一哉かずやっ! そんな甘いことを言ってるから、こんなすぐ泣くへなちょこになるんだっ」


 俊政と呼ばれた男の怒りの矛先は、石田に向いたらしい。名前呼びされていると言うことは、石田もよく知る保護者なのだろう。


 俺が膝を突いて座っているから。

 クレーンゲームの景品さながら宙に浮いたその子の顔は、目の前だ。


 げふげふと、顔を涙と鼻水で汚して泣いているその子の顔を見て、ちょっと驚く。


 目が、青い。

 おまけに、肌も白い。日本人とは少し違う白さだ。

 ちらりと垂れネームを見ると、カタカナで『ロルテス』と書かれていて、道場名は石田と同じだった。


「さっさと地稽古に戻れっ」

 振り子のように揺すられたかと思うと、再びその子は投げられる。慌てて今度こそ手を伸ばしたが、間に合わずに床に放り出された。胴ががつん、と床を打ち付ける鈍い音に俺は顔をしかめ、周囲の保護者達もさすがに視線を向ける。


 だが。

 道場のそこかしこでは、似たような光景が繰り広げられていた。


「もう、帰るぅぅぅ」という子どもを文字通り突き放し、道場に押し込む母親。「足の指がもげる」と泣くこどもに、「もげてないっ」と叱りつける父親。


 年越し稽古の道場は、阿鼻叫喚図と化していた。


「ほら、こっちの先生の列に並ぼうね」

 ふとルキアの声が聞こえてそちらを向くと、必死になって小学低学年ぐらいの男子を整列させていた。意外に子どもには好かれるようで、腰にまとわりついている幼稚園児ぐらいの男子もいた。伊達はというと、その横で疲れ切ったように立ち尽くしている。

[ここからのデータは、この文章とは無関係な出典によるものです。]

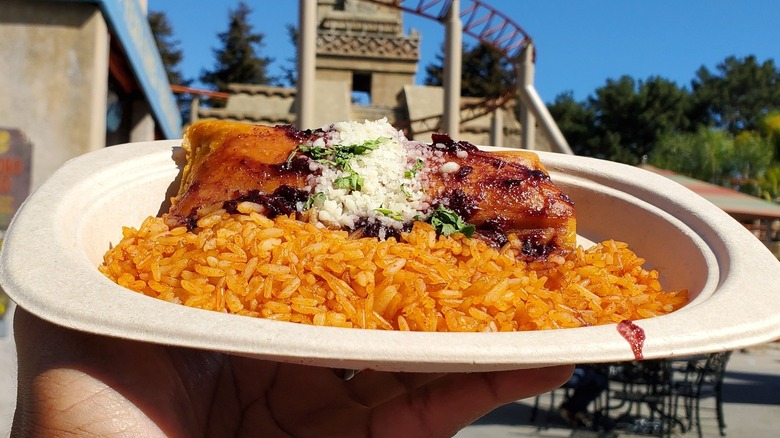 There are plenty of expected boysenberry dishes at Knott's Berry Farm, but the park really pull out all the stops for some of its festival offerings. Those who visited during the 2022 Boysenberry Festival had the opportunity to get their hands on a tasty plate of tamales topped with boysenberry sauce (via NBC Los Angeles). The tamales themselves are delicious with their soft but firm texture and luscious filling. But the real magic comes in with the sauce.
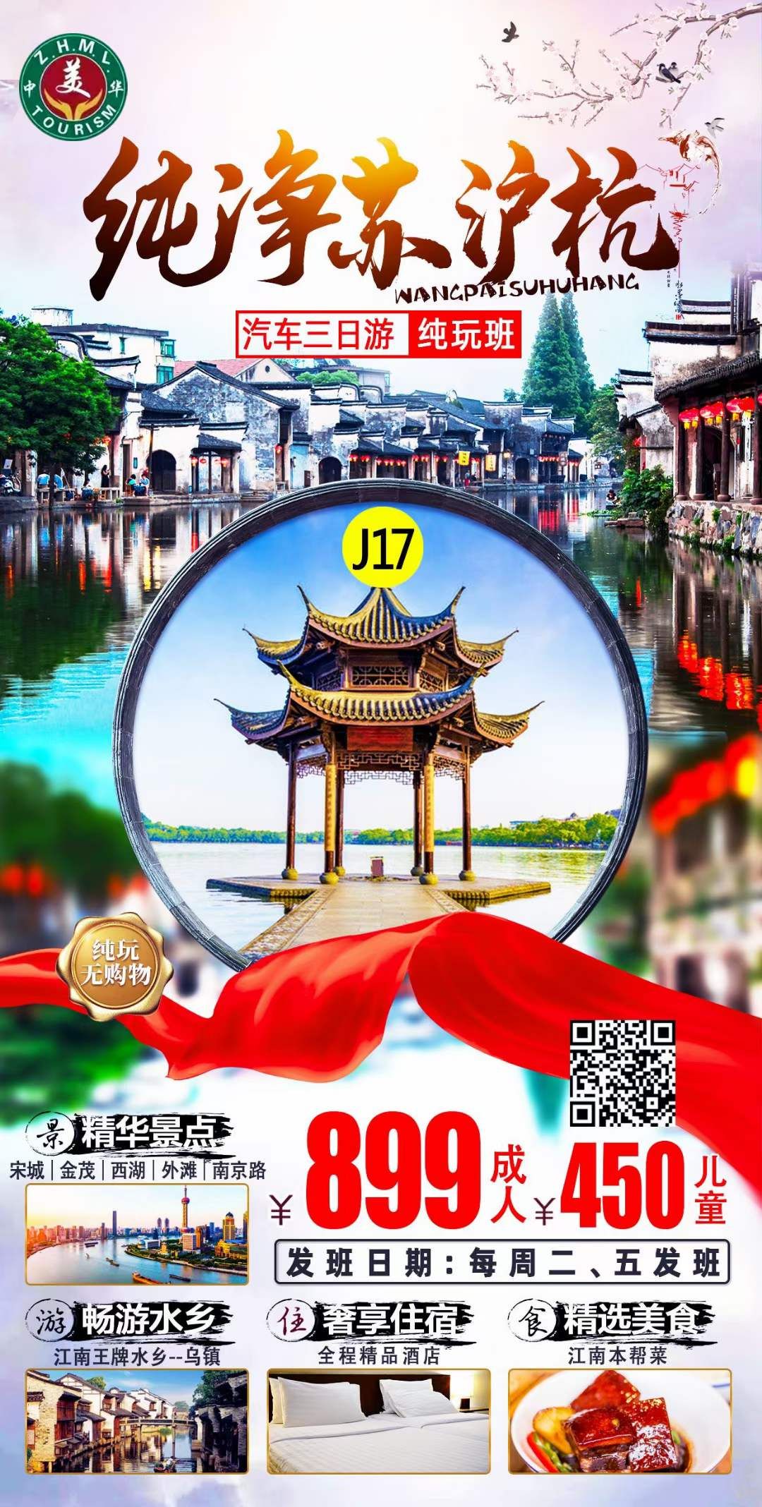純凈之旅蘇滬杭大巴三日游 2024-5-9 本文被閱讀 815 次

 壁際を見ると、武田先輩が、着衣の乱れた小学生女子の服装を手早く直している。その間も、道場内に視線を走らせ、近くの女の子に何か言っていた。慣れたもんだ。


『年越し稽古に参加しろよ』

 毛利先輩に命じられて参加したものの。


 稽古、というより、『子どもの世話』といった方が正しい。

 現に俺達は、防具すら着けていない。道着姿のままだ。 


 去年は完全に『お客様』として参加したから、こんな舞台裏は知らなかった。基本稽古、地稽古に普通に参加し、最後に試合稽古をして、毛利先輩に勝っただけだ。


 そういえば、なんとなく、保護者席がにぎやかだなぁ。稽古が嫌で子どもが泣いてるなぁ、とは思っていたが。


 怒り狂う保護者をなだめすかし、稽古したくない、と泣きじゃくる子どもの気持ちを立て直すのが、こんなに面倒くさいことだとは思わなかった。


「めそめそ泣いてないで、さっさと面を付けろっ」

 怒鳴りつける声に、俺はうんざりした気持ちで顔を俊政さんに向けた。俺の隣では、石田が苦笑いで「まぁまぁ」と言っている。


――― いるんだよなぁ、こんな保護者。


 俺はひっそりとため息ついて立ち上がった。

 剣道は『痛い』。それに、『寒い』し『暑い』。防具は重いし、道着は固い。


 一度、大生先生に「こんなに科学が発達したんだから、防具も軽量化できるんじゃないんですかね」と言ったら、「それじゃあ、稽古にならああああん」と叱られた。


 そんな、世界だ。

 泣けば、「泣くな」と言われ、笑えば「歯を見せるな」と叱られる。あんまり感情の起伏や表情を見せない競技だから誤解されるが、相当『痛い』し『怖い』競技だ。


 ただ、未経験者にはそれがわからない。

 防具をつけているから、『痛くない』と思うし、スポーツだから『怖くない』という。


 そんなことあるか、と俺は笑いたい。


 よく考えてみろ。

 棒を持って叩き合うのだ。


 区切られた空間に敵と一緒に放り込まれ、「相手を手に持った棒で殴れ」とけしかける競技だ。

 俺は床で踞って泣く子どもを見て、口をへの字に曲げる。


 向かない子には、とことん、向かない。